The Ealing experience We explore here how Ealing implemented a 'See and Treat' interface clinic model to improve surgical conversion rates, reduce unnecessary hospital referrals and provide community treatment more efficiently than a triage model. A high-profile GP education programme enabled GPs to triage in their practices and manage patients without referral. Conclusion In Ealing, we demonstrated that most patients with musculoskeletal conditions can be managed in primary care and community settings. The integrated musculoskeletal service provides clear and fast routes to secondary care. This is both clinically effective and cost-effective, reserving hospital referral for patients most likely to need surgery.
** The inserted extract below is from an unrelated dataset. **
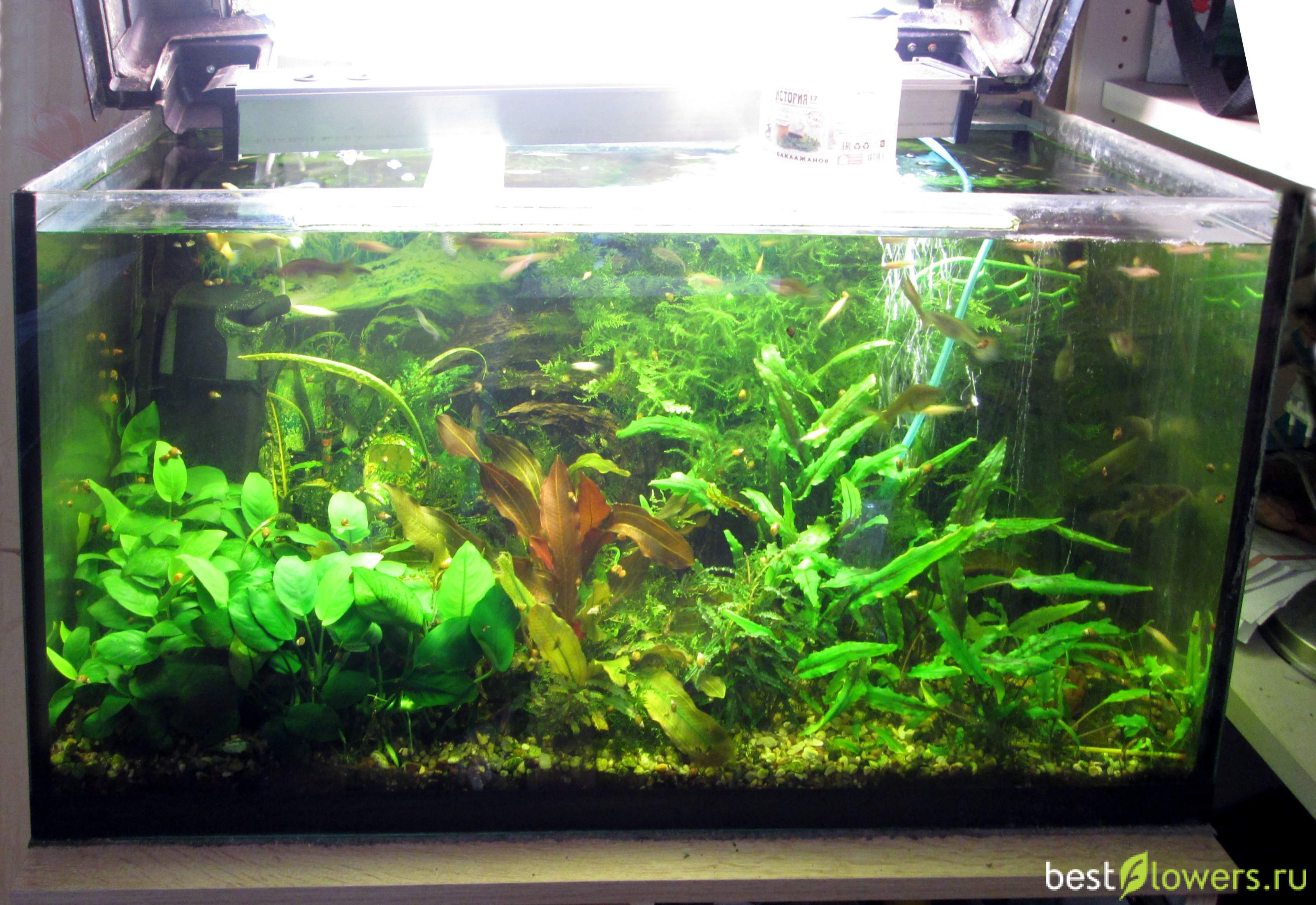 Слева направо: Анубиас Нана, Криптокорина Тонкинская, Мох Феникс, Эхинодорус Магрибинец (или Синусоид), на переднем плане Буцефаландры, на заднем - Мох Яванский, Криптокорина Лютея

GP consortia, in conjunction with strong clinical leadership, inbuilt organisational and professional learning, and a GP champion, are well placed to deliver service redesign by co-ordinating primary care development, local commissioning of community services and the acute commissioning vehicles responsible for secondary care. The immediate priority for GP consortia is to develop a truly integrated service by facilitating consultant opinions within a community setting.

摘要

未标注

背景 肌肉骨骼疾病在初级医疗中很常见,且与严重的合并症和生活质量受损相关。传统的护理途径将社区物理治疗与全科医生转诊至医院以获取专科医生意见相结合。在当地,这种模式导致只有30%的医院骨科专科医生转诊患者被列入手术名单,大多数患者被转诊接受物理治疗。英国国家医疗服务体系(NHS)的肌肉骨骼框架提议利用接口服务,为不需要手术的肌肉骨骼问题提供诊断、分诊和管理方面的专业知识。白皮书《公平与卓越:解放NHS》已将初级保健信托基金的委托职能替换为全科医生联盟,全科医生联盟将引领未来的服务发展。地点 英国NHS中与二级医疗相结合的初级和社区医疗。问题 全科医生联盟如何引领综合肌肉骨骼服务的发展?

综述

伊灵区的经验 我们在此探讨伊灵区如何实施“即诊即治”接口诊所模式,以提高手术转化率、减少不必要的医院转诊,并比分诊模式更高效地提供社区治疗。一项备受瞩目的全科医生教育计划使全科医生能够在其诊所进行分诊并管理患者而无需转诊。结论 在伊灵区,我们证明大多数肌肉骨骼疾病患者可以在初级医疗和社区环境中得到管理。综合肌肉骨骼服务为二级医疗提供了清晰快速的途径。这在临床和成本效益方面均有效,将医院转诊保留给最可能需要手术的患者。全科医生联盟,结合强大的临床领导力、内在的组织和专业学习以及一位全科医生倡导者,非常适合通过协调初级医疗发展、社区服务的地方委托以及负责二级医疗的急性委托机构来进行服务重新设计。全科医生联盟的当务之急是通过在社区环境中促进专科医生意见来开发真正的综合服务。